Patent Grant
11638021
High definition (HD) video comprises numerous macroblocks per frame. For 1080p video, there are 8160 16×16 pixel macroblocks. Thus 8160 macroblocks must be decoded 30 times per second, thereby imposing a significant performance burden on the encoder. Video encoders often are constructed in a pipeline fashion to improve throughput, but additional performance improvements may be desirable.
An illustrative embodiment is directed to a video encoder including a first buffer containing a plurality of data values defining a macroblock of pixels of a video frame. The video encoder also includes a second buffer and an entropy encoder coupled to the first and second buffers and configured to encode a macroblock based on another macroblock. The entropy encoder identifies a subset of the data values from the first buffer defining a given macroblock and copies the identified subset to the second buffer, the subset of data values being just those data values used by the entropy encoder when subsequently encoding another macroblock.
Another embodiment is directed to a video apparatus including a video encoder including a first buffer containing a plurality of data values defining a macroblock of pixels of a video frame. The video encoder also includes a second buffer and an entropy encoder coupled to the first and second buffers. The entropy encoder is configured to encode a macroblock based on another macroblock. The entropy encoder identifies a subset of the data values from the first buffer defining a given macroblock and copies the identified subset to the second buffer, the subset of data values being just those data values used by the entropy encoder when subsequently encoding another macroblock. The video apparatus also includes a direct memory access (DMA) engine coupled to the video encoder to transfer the identified subset from the second buffer to memory external to the video encoder.
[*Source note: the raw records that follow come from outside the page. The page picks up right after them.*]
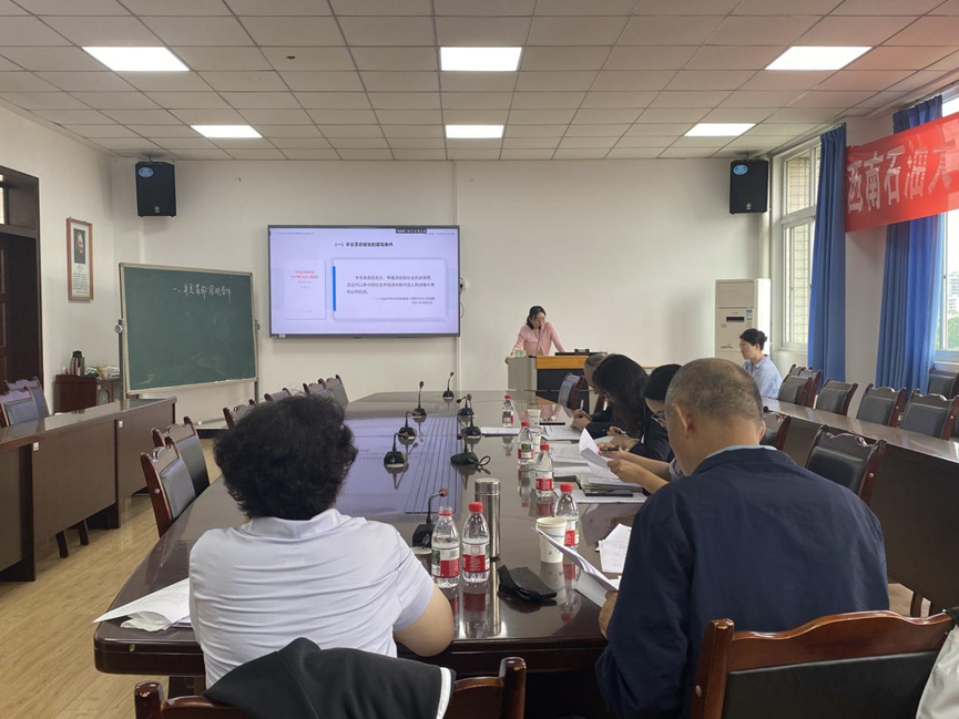 4月22日上午,马克思主义学院在思学楼D507开展了“2023年入职教师培养期届满考核试讲活动”,本次活动由学院副院长张莉主持,邀请了教师教学发展中心教师教学发展办公室周秋旭主任,学院督导专家杨慧教授、胡国松教授、杨清元教授进行现场指导。
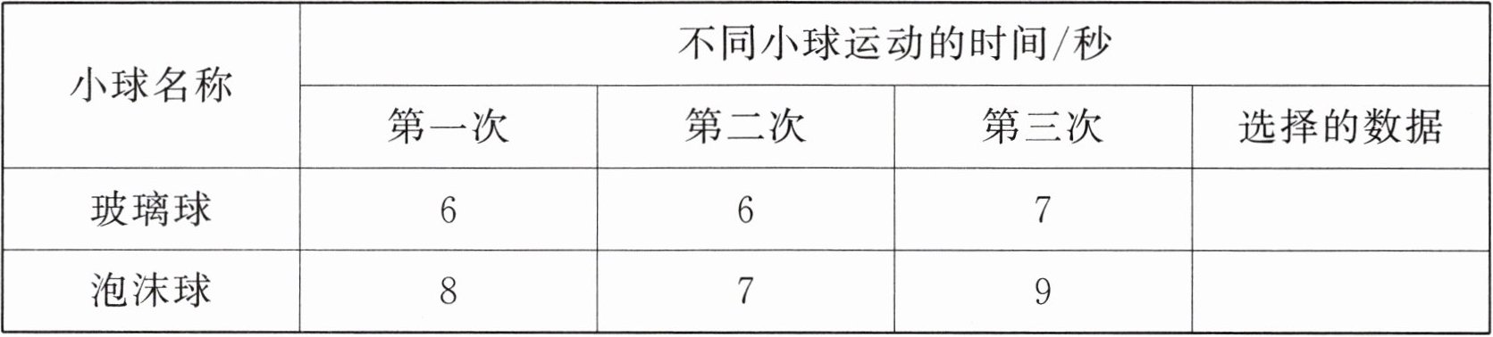 东东通过实验比较不同小球在同一轨道上自由滚动时运动的快慢,下面是实验记录表,请你根据他的记录表回答下列问题。
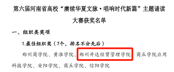 近日,由河南省教育厅高等教育处、河南省高校图书情报工作委员会、“学习强国”河南学习平台主办的第六届河南省高校“赓续华夏文脉·唱响时代新篇”主题诵读大赛获奖名单公布,我校在本次大赛中荣获多项奖项。
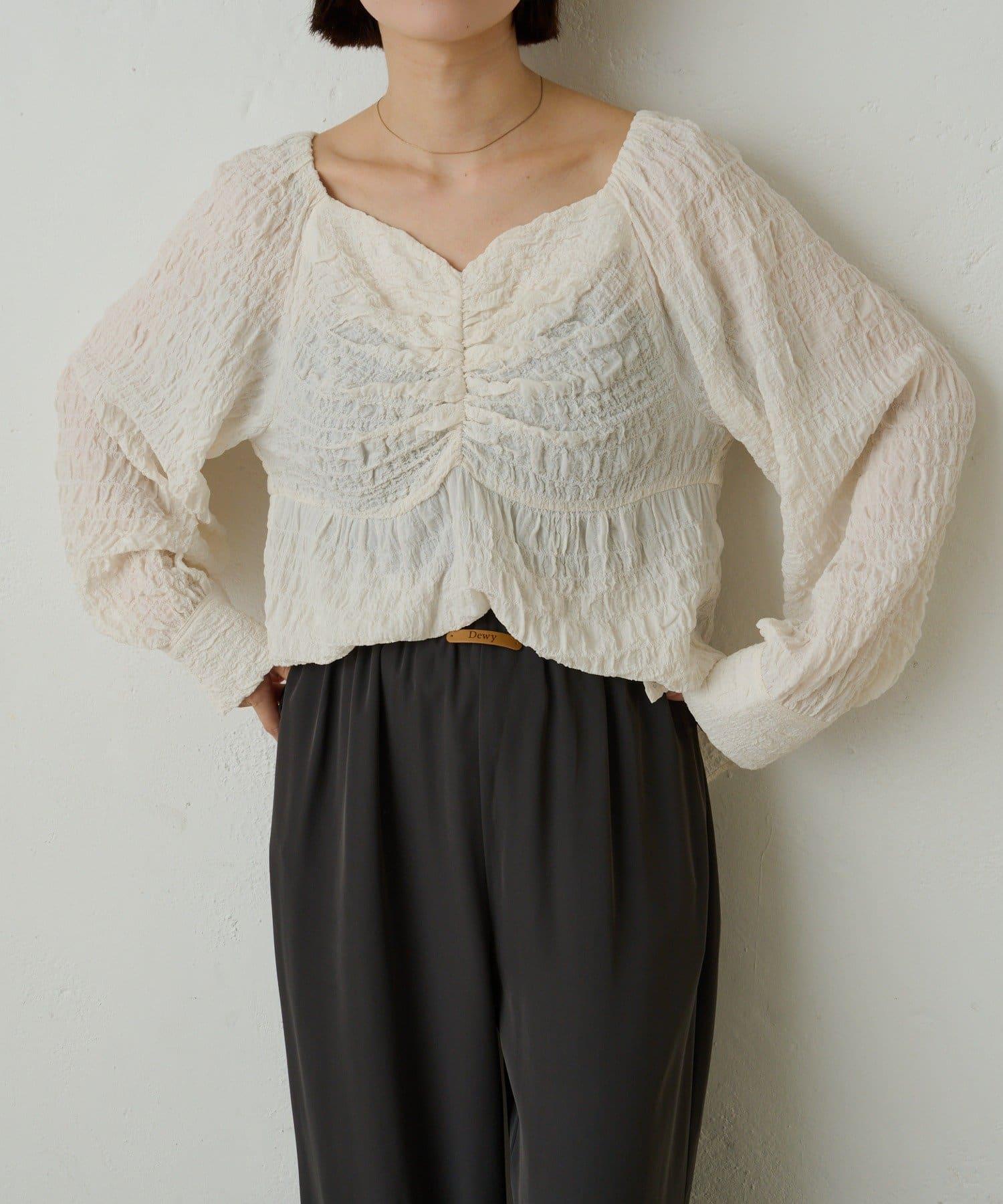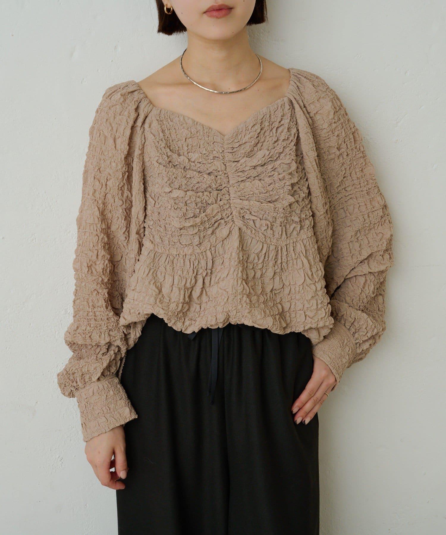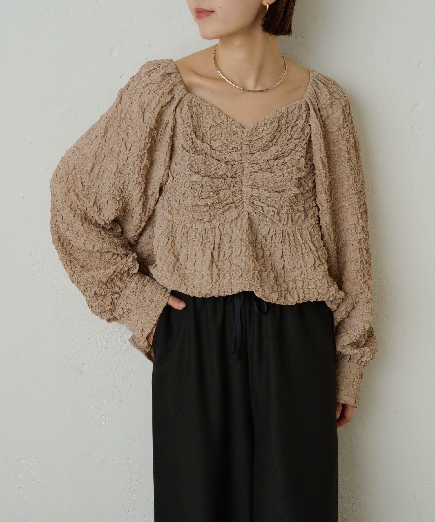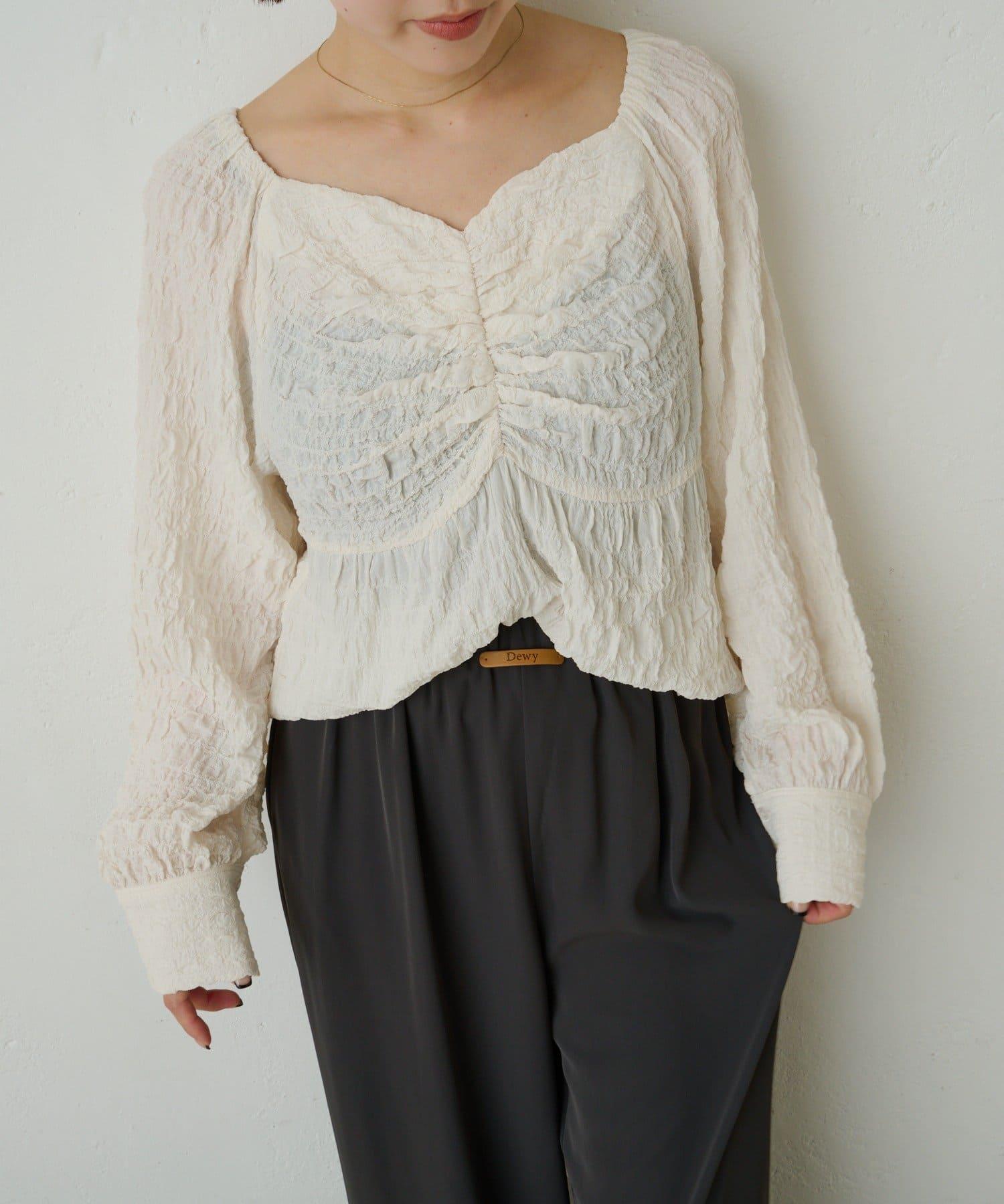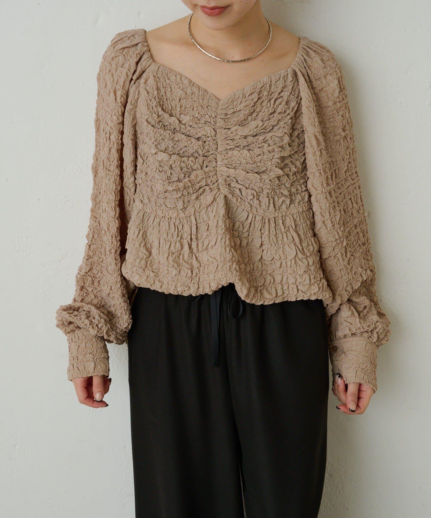 這款心形領上衣胸前的設計和凹凸不平的面料是這款上衣的亮點。
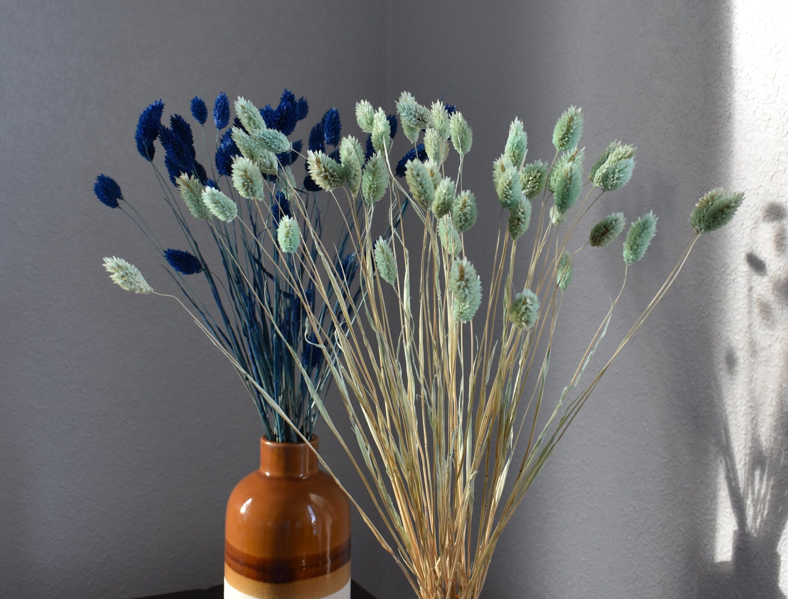 Phalaris naturalnie występuje w odcieniach kremowym, beżowym, jasnozielonym, ale bardzo często spotyka się phalaris barwiony – tak jak w naszym sklepie: biały, delikatny żółty, pudrowy róż, fioletowy, granatowy czy jasny zielony.
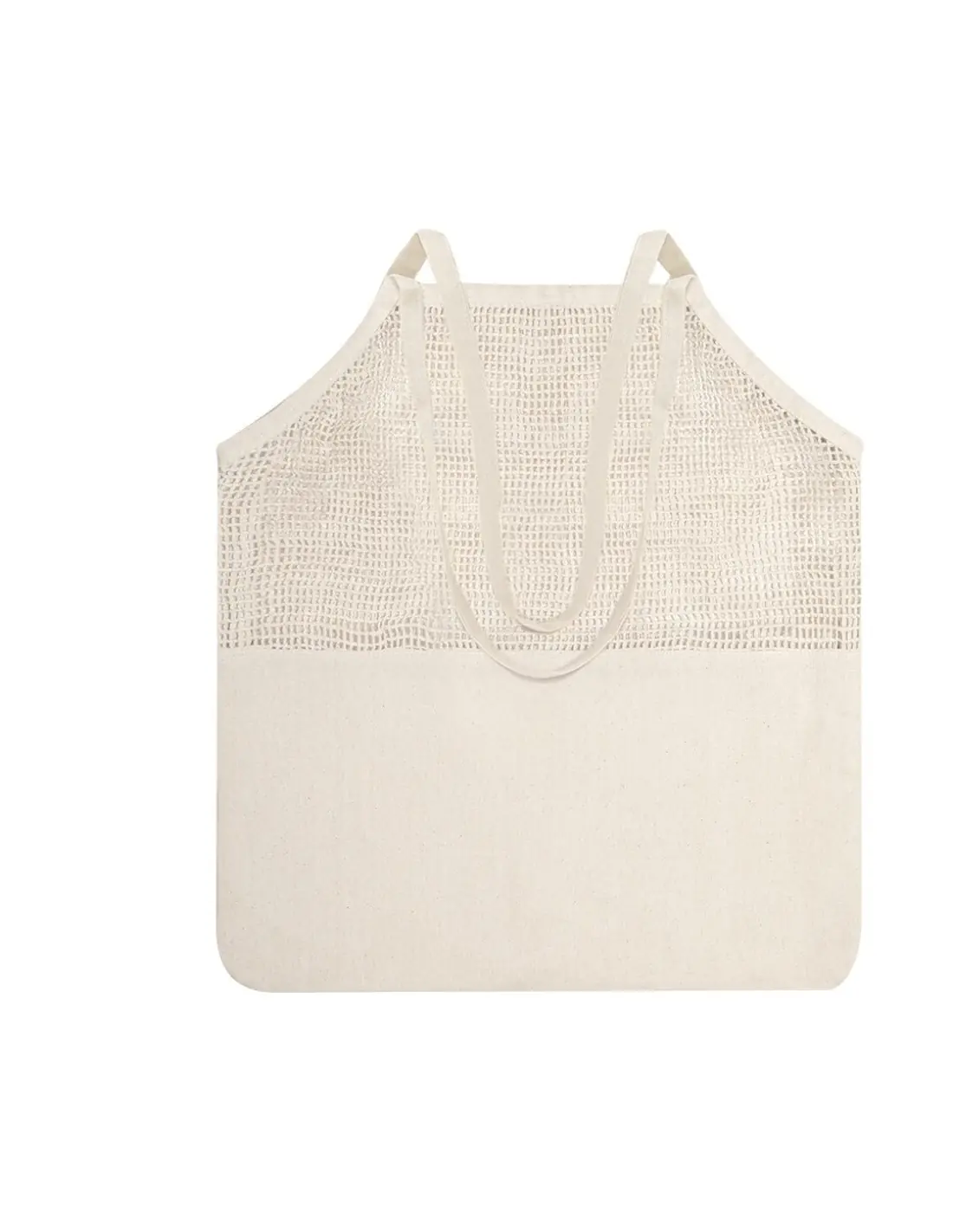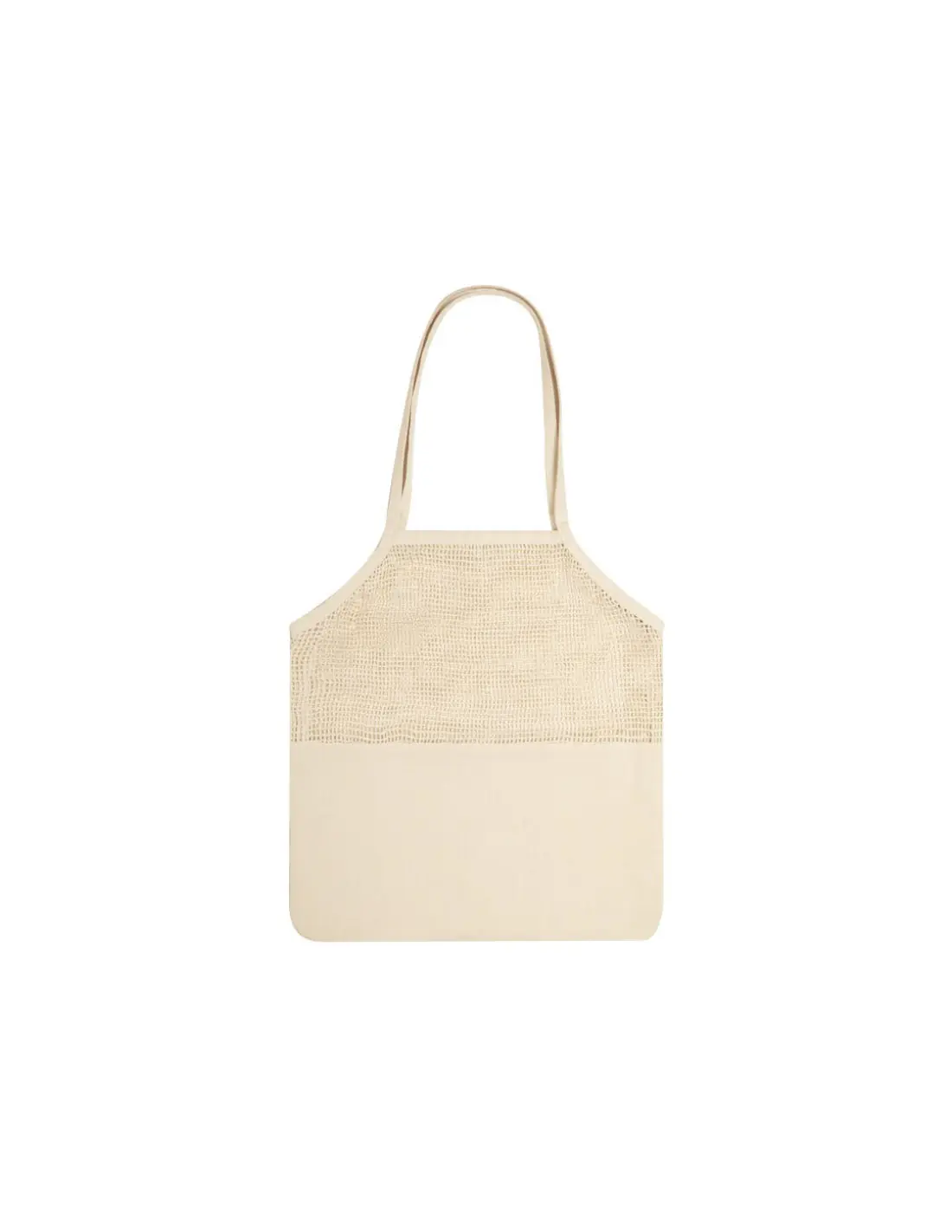 Bolsa de redecilla de línea nature en algodón crudo de 220g/m2, con superficie lisa para impresión. Asas largas de 60 cm reforzadas.
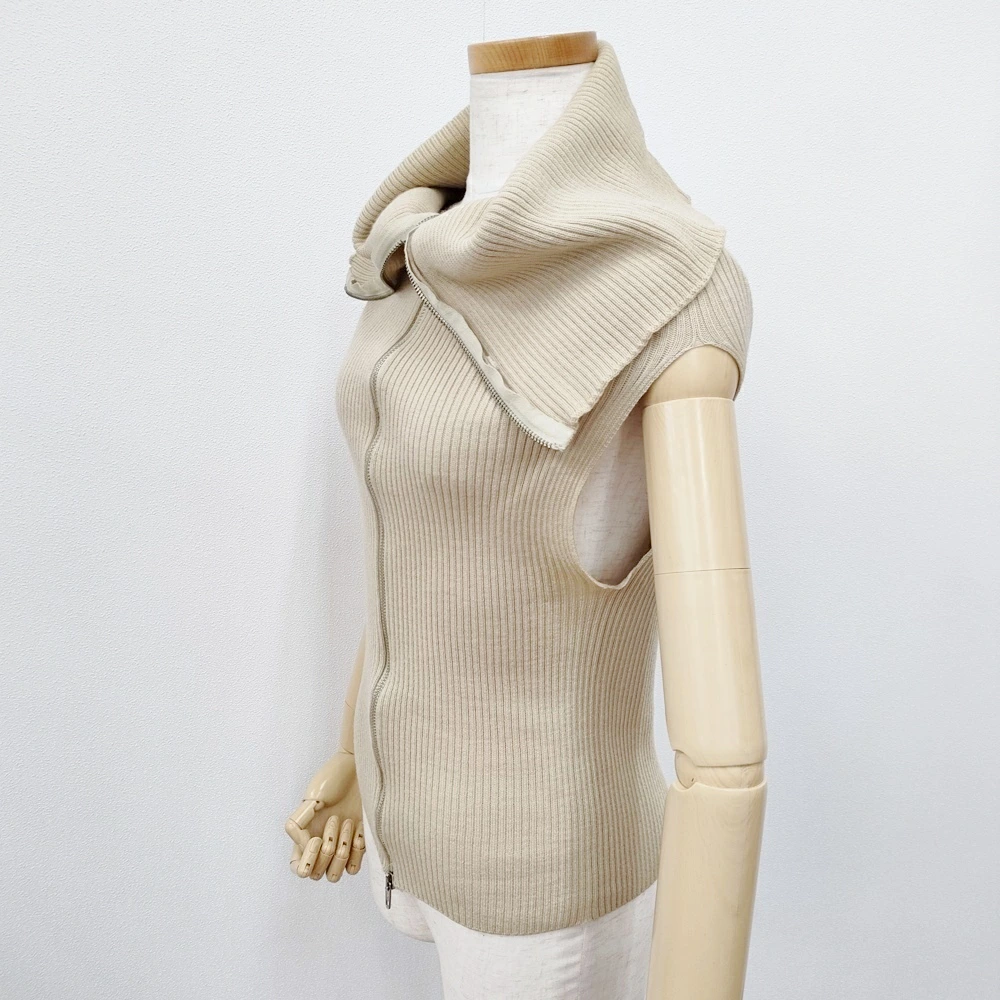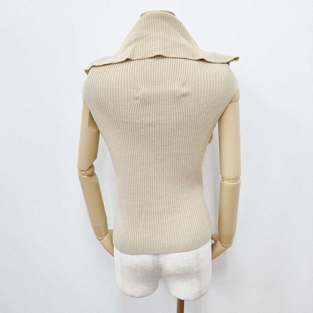 Pre-owned Martin Margiela flat-patterned, artisanal driver's knit vest, white tag, Horizonti, made in Italy, beige, women's, 5-0811T.
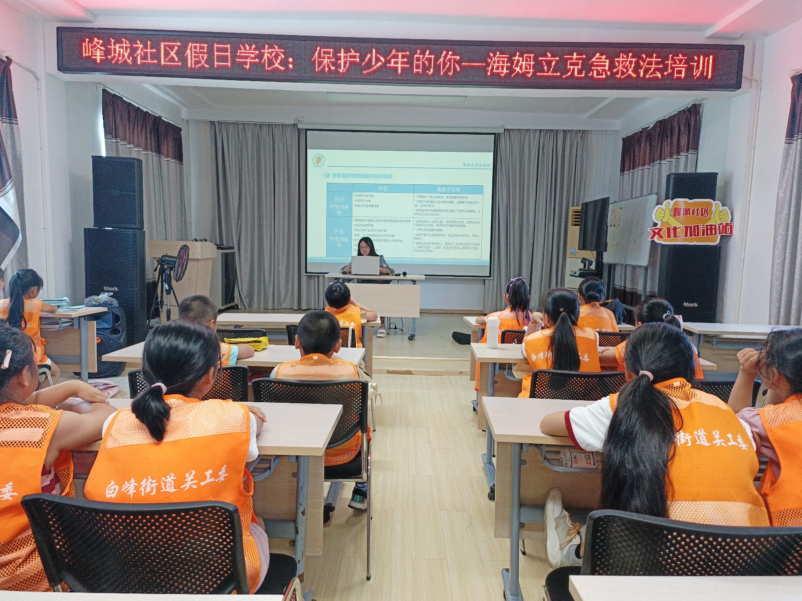为提高辖区青少年急救知识与技能,减少意外伤害发生。7月8日上午,峰城社区党群服务中心假日学校邀请白峰街道社区卫生服务中心医生,开展青少年暑期安全知识课堂活动,为青少年讲解以海姆立克法为主题的急救知识培训,辖区30余名青少年参加。
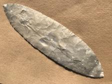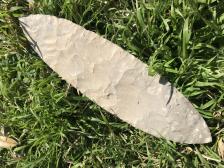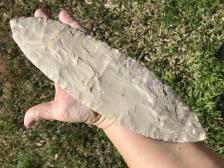 A nice 10-inch blade knapped, evidently, from a huge chunk of Fort Hood flint. It was knapped by talented flint knapper, Roy Harris, at the Cajun Knap-in, April, 1998. The color is light brown with some white and gray spots. He told me the material was Copperas Cove. We purchased 2 blades from Roy at the knap-in. Knapped April, 1998. Inv # 9804-30R |
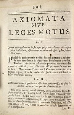 Im Jahr 1687 erschien Isaac Newtons Werk Philosophiae Naturalis Principia Mathematica (lat.; ‚Mathematische Prinzipien der Naturphilosophie‘), in dem Newton drei Grundsätze der Bewegungslehre formuliert, die als die Newtonschen Axiome, Grundgesetze der Bewegung, Newtonsche Prinzipien oder auch Newtonsche Gesetze bekannt sind. Sie werden in Newtons Werk mit Lex prima, Lex secunda und Lex tertia (‚Erstes/Zweites/Drittes Gesetz‘) bezeichnet, oder zusammengenommen mit axiomata, sive leges motus (‚Axiome oder Gesetze der Bewegung‘).
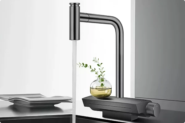 This faucet has been a fantastic addition to my kitchen renovation. The sleek, modern design pairs beautifully with the functionality of the pull-out sprayer. The water flow creates a stunning waterfall effect that's both beautiful and practical. It's made from high-quality materials, ensuring durability. Installation was a snap, and it has significantly improved my daily kitchen tasks. It's not just a faucet; it's a statement piece that elevates the entire room

Yet another embodiment is directed to a method usable in a video encoder. The method includes reading uncompressed non-contiguous portions from a data set in a first storage, the data set describing a first macroblock, and the portions being some but not all of the data set. The method further includes writing the portions to contiguous locations in a second storage to form compressed macroblock information. The method also includes writing the compressed macroblock information from the second storage to a third storage and encoding a second macroblock based on the compressed macroblock information from the third storage.
For a detailed description of exemplary embodiments of the invention, reference will now be made to the accompanying drawings in which:
Certain terms are used throughout the following description and claims to refer to particular system components. As one skilled in the art will appreciate, companies may refer to a component by different names. This document does not intend to distinguish between components that differ in name but not function. In the following discussion and in the claims, the terms “including” and “comprising” are used in an open-ended fashion, and thus should be interpreted to mean “including, but not limited to . . . .” Also, the term “couple” or “couples” is intended to mean either an indirect or direct connection. Thus, if a first device couples to a second device, that connection may be through a direct connection, or through an indirect connection via other devices and connections.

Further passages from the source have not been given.